ROCm / hipBLASLt

hipBLASLt is a library that provides general matrix-matrix operations with a flexible API and extends functionalities beyond a traditional BLAS library
https://rocm.docs.amd.com/projects/hipBLASLt/en/latest/index.html
MIT License
40 stars 56 forks source link

Build Failure During Tensile Libraries Generation #115

Open hovertank3d opened 1 year ago

hovertank3d commented 1 year ago

Local ROCm version: 5.2.5.1 hipBLASLt version used in build: release/rocm-rel-5.5 Python version: 3.10 CPU: POWER9 GPU: gfx906

The hipBLASLt requirement arose for us re: bitsandbytes-rocm/ops.cu:400 that is required for 8-bit loading of HuggingFace language models. Unfortunately, the current implementation seems to rely on hipBLASLt for 8-bit matmul, and lacks in 4-bit implementation. Would you say that for gfx906/gfx908, hipBLASLt provides an advantage in 8-bit or 4-bit inference compared to hipBLAS code?

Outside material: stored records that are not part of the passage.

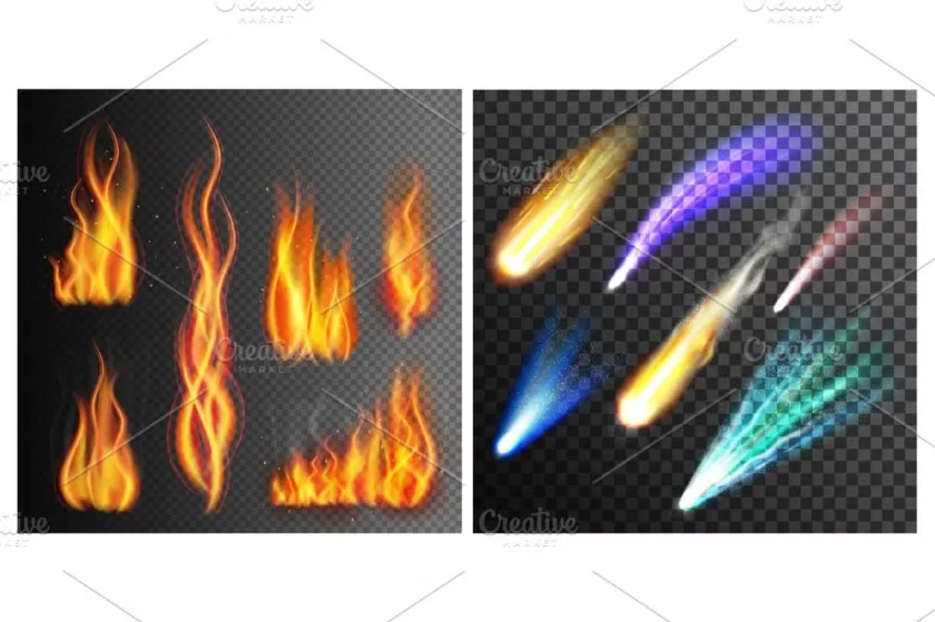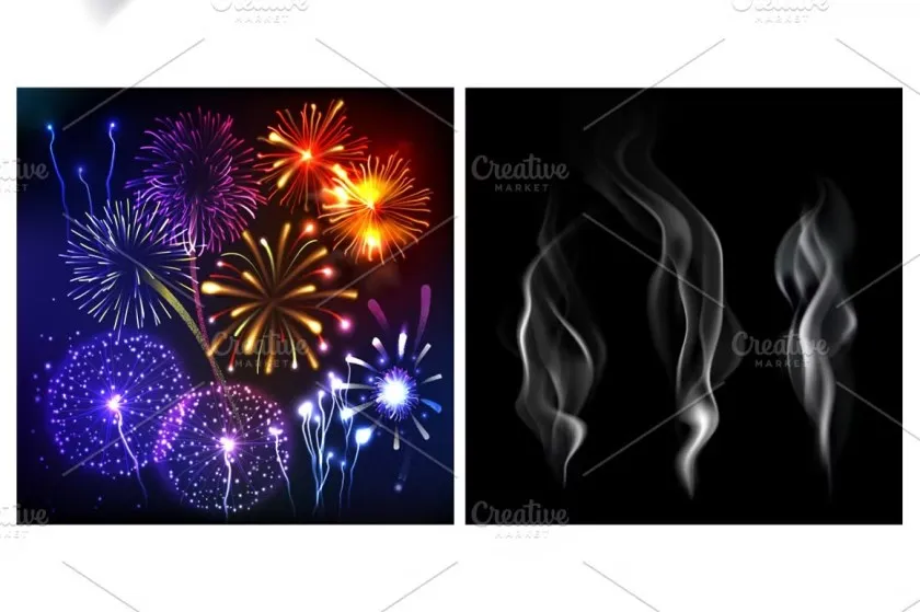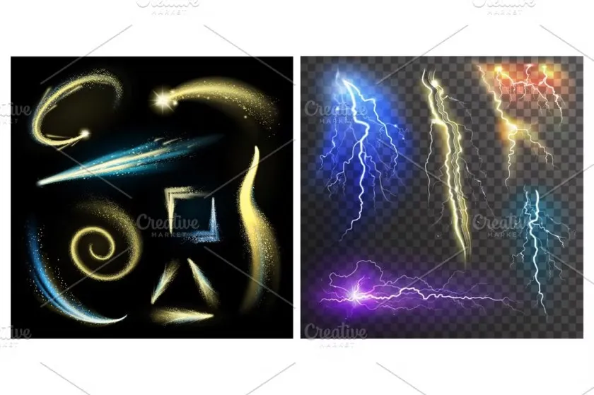 30+烟花闪电流星彩虹火焰爆炸烟雾等创意设计矢量素材 Big Graphic Effects Set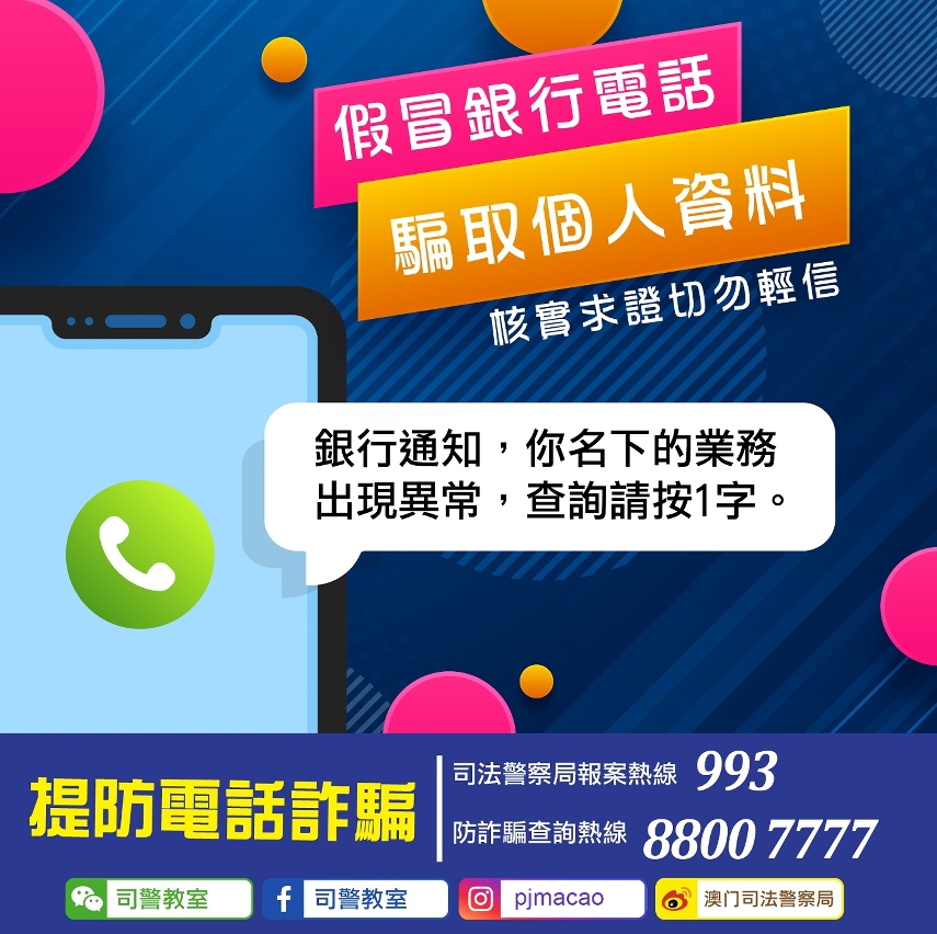 近日司法警察局接獲市民舉報,稱接到一通聲稱本澳某銀行的語音訊息來電,內容指事主名下的業務出現異常,著事主按“1”字查詢。事主覺得可疑立即掛線,並馬上向司警局舉報。及後,有關銀行已澄清並無以上述方式致電客戶,並提醒客戶警惕假冒該銀行的詐騙電話。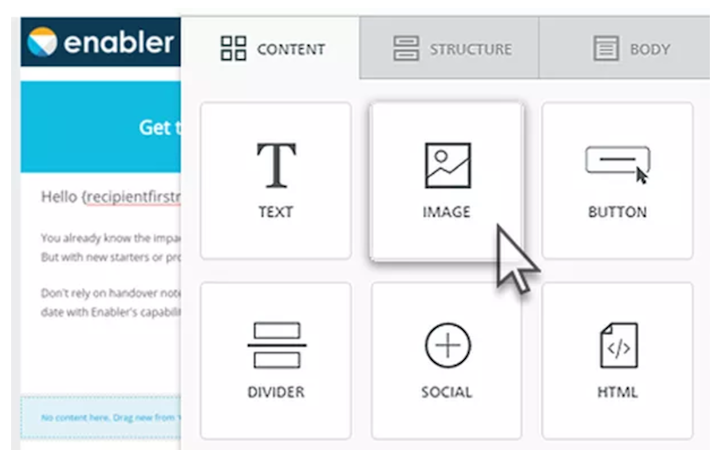 With Enabler’s drag-and-drop, WYSIWYG editor, users can create mobile-responsive email templates. Custom colour palettes allow users to design templates which match the brand or style of their business. Enabler’s built-in image library grants users access to over 500,000 copyright-free stock images. Users can also upload and edit their own images and GIFs using Enabler’s photo editor. Features such as dynamic content, smart segmentation, merge tags, and trackable custom links allow users to personalize and target campaigns.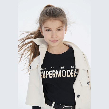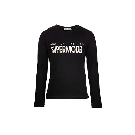 Джемпер Elsy – это идеальный выбор для девочек! Изготовленный из 95% хлопка и 5% эластана, он украшен стильным принтом Supermodel и надписью Mood of the Day. Нежная черная основа с белыми и золотистыми буквами создает модный и в то же время уютный образ. На фотографиях видна аккуратная вышивка по краю и мягкая текстура ткани. Качество от итальянского бренда и внимание к деталям делают этот джемпер отличным выбором для вашего ребенка!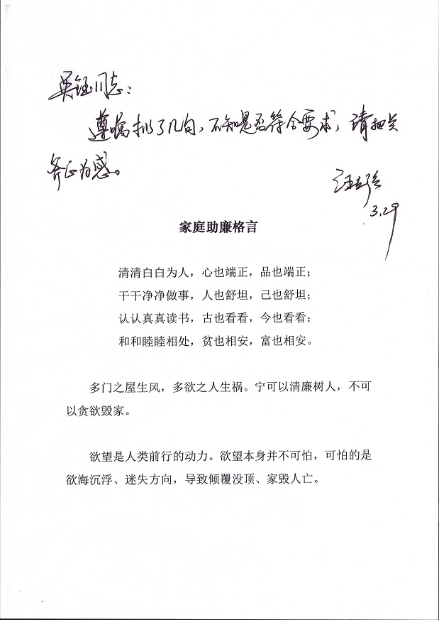 在此項(xiàng)工作中,院婦工委及時(shí)布置、各協(xié)作片認(rèn)真組織、各基層單位積極響應(yīng)、廣大黨員干部職工主動參加,既有院士、局級領(lǐng)導(dǎo)認(rèn)真思考后凝練出的家訓(xùn)格言,也有廣大科研工作者和優(yōu)秀企業(yè)家對自己嚴(yán)謹(jǐn)家風(fēng)的追憶;既有父母寫給子女的諄諄教導(dǎo)和殷殷希望,也有子女寫給父母的真誠感激和深深敬意;既有夫妻之間關(guān)于“廉政”的交流,也有職工子女對家風(fēng)家訓(xùn)的思考,取得了良好的效果。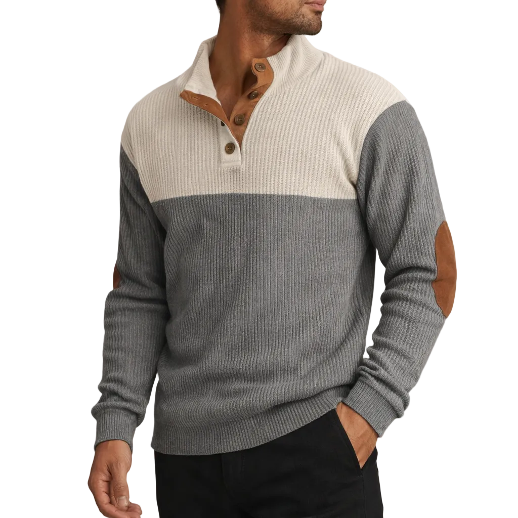 Men’s Ribbed Knit Henley Jumper with Contrast Panel Detailing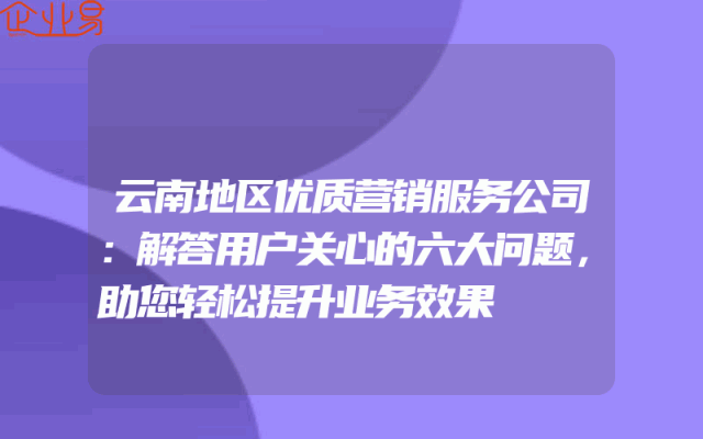 - 云南地区优质营销服务公司:解答用户关心的六大问题,助您轻松提升业务效果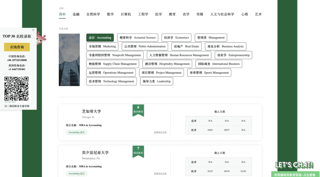 最专业的留学咨询,最全面的信息整合尽在常青藤精英教育官网,想了解更多自己感兴趣的专业就快快去自行检索吧~~

During the build process, the following commands were used:

CMake command: `cmake -DAMDGPU_TARGETS=gfx906 -DCMAKE_BUILD_TYPE=Release -DCMAKE_CXX_COMPILER=hipcc -DCMAKE_C_COMPILER=hipcc -G "Unix Makefiles" ..`
Make command: `make -j16`

CMake did not report any errors. However, the build failed at the "Generating Tensile Libraries" target, immediately after displaying the message "Reading logic files: Launching 32 threads...". The build failure persists even when configuring using install.sh with AMDGPU_TARGETS hardcoded to gfx906.

traceback:

cmake.log make.log

rocminfo: rocminfo.txt

Update: Seems the same error appears when compiling with ROCm 5.5.

jichangjichang commented 1 year ago

@hovertank3d hipBLASLt only support gfx90a so far. You can find the supported data types and hw requirement from Readme.